The following months found her spending the odd night on the chesterfield in the living room, the lamps turned out, watching the slats of light from the street standards tint the carpet, gradually brightening, then fading again as the dawn blanched the sky. And through these nights Agnes began to feel, physically, that her body had changed in some way, that it was missing something, something she would have described as being the size of a stack of nickels, and as heavy, in the space above her stomach, just before the bones of her rib cage began. And what had filled that space was a kind of hunger, which, she had found, it helped to sleep with her hand over, to have the warmth of her fingers on the skin just above. She would eventually grow used to it, and used to the way that it sometimes clinched tighter, becoming a sudden knot below her sternum that would have her standing still until it passed—in line at the grocery store, erasing the chalkboard at the end of the day, arranging flowerpots in the backyard—a hand pressed tight below her breasts, waiting.
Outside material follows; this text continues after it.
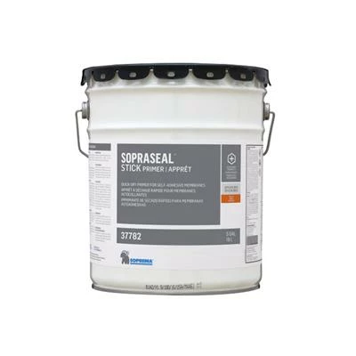 The Sopraseal 37782 19-Litre Stick Primer is a solvent-based primer specifically designed to maximize adhesion of self-adhesive membranes on walls and foundations. It is composed of adhesive enhancing resins and volatile solvents.

Through the years her husband dutifully sidestepped the topic of children, even avoiding the mention of her students, but Agnes felt that it was always there, between them, a kind of onus that weighed on her side of the scale and lightened his. And adoption seemed to be out of the question for both of them, for him because the idea of raising a stranger's offspring (that no one else seemed to want) was somehow perverse, while for Agnes it was an unspoken fear that held her back, the fear of not being able to devotedly bond with a child that hadn't come from her own body, the fear that she would feel the same way toward him or her that she felt toward her students, which is to say very little. So then, a childless marriage was just something they would have to learn to live with, or through, around. Accordingly, their home became a place of hushed civility. They adopted habits that circumvented each other, moving to different parts of the house whenever the other person entered the room. And Agnes increasingly felt that they did this not because they wanted to avoid conversation, but because they simply had nothing left to say. They had reduced their lives to the efficiency of gestures and motions, to the common understanding of wants and needs.

Until one sunny spring day in 1953, when she came home from school to find him in the bathroom, sitting on the toilet lid, staring at the towels in front of him, waiting for her to ask what was wrong. His answer was multiple myeloma, a bone marrow cancer whose prognosis was “bleak at best.” By the following week he had stopped work at the bank and was receiving treatment, which, as far as Agnes was concerned, did nothing but speed up the process of his death. He deteriorated rapidly and within a few months was bedridden, and she had to take a leave from work to look after him.